There was actually an unusual brief moment of sunshine here in Seattle yesterday, so I took the fender outside I was recently buffing and it looked great in the sun.......I have to resolve myself to not stick my nose on the surface and look for scratches...... :)
 
you may well be over heating the surface. this will give a fine grain vinyl look even though it was sanded flat.
 
eashlin, if you are using the purple 1500 trizact film discs best thing you can do is pick up the box, walk over to the trash can, open and insert. they are junk and cause all sorts of issues. do your sanding with dry finishing film discs for your 1000 and 1500 step then jump to the trizact 3000 or the green eagle bufflex discs. also as shine said, too much heat always causes a texture. if your not getting all the scratches out from the step prior when i comes time to buff your gonna have to work the surface too much and generate that heat. the less you work it with that buffer to get the sand scratches out the better and flatter.
 
Yes, it was the purple 1500 trizact discs that I struggled mightily with.....Will attempt getting some 1500 finishing film ones and give that a shot.

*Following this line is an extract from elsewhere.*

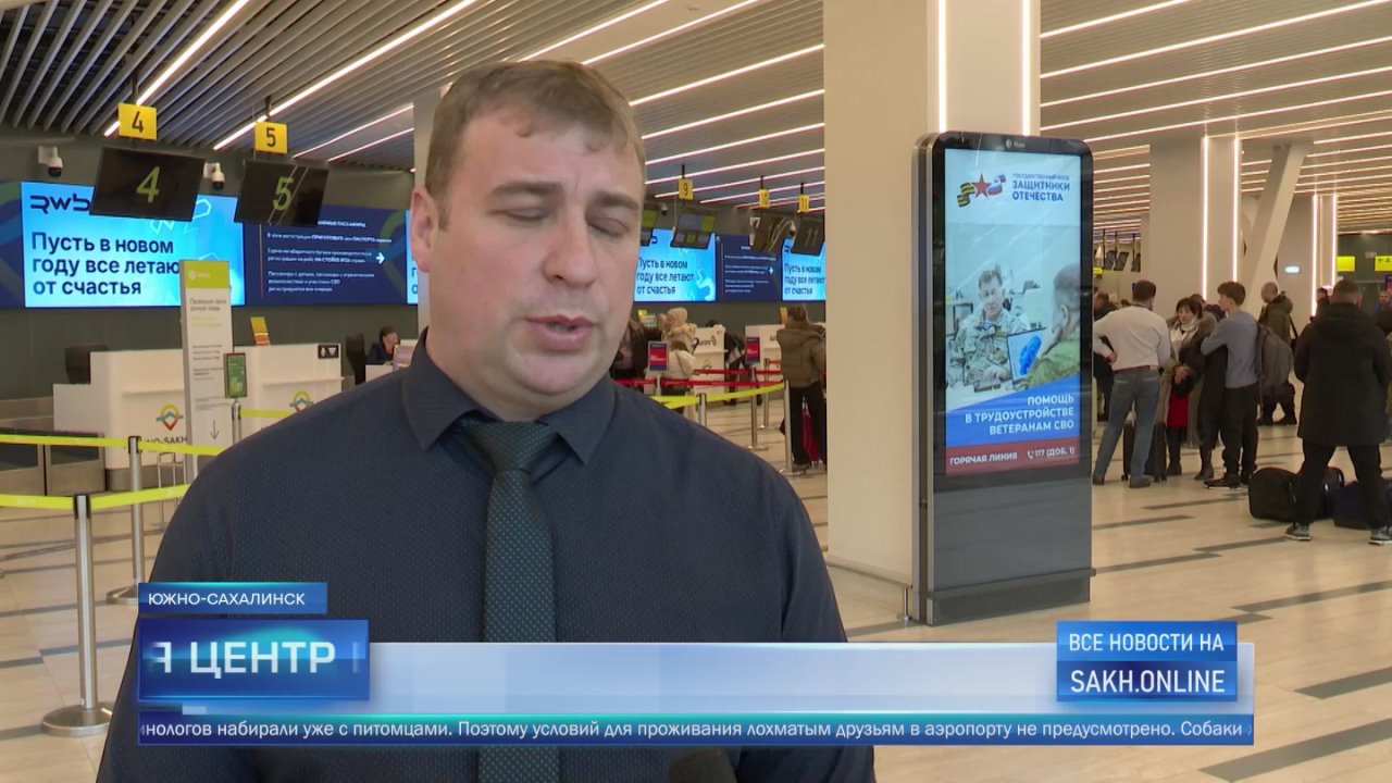 Сотрудники кинологической службы в аэровокзальном комплексе Южно-Сахалинска готовятся заступить на службу

If heat is a definite source of texture as you and shine both mentioned then that could definitley be a factor in my results. Since I have not tried anything yet to keep heat generation to a minimum......it could be my part of my problem.

Thanks for the tips......I Will try some different things here in the coming weeks and report back if I discover anything that significantly improves my results.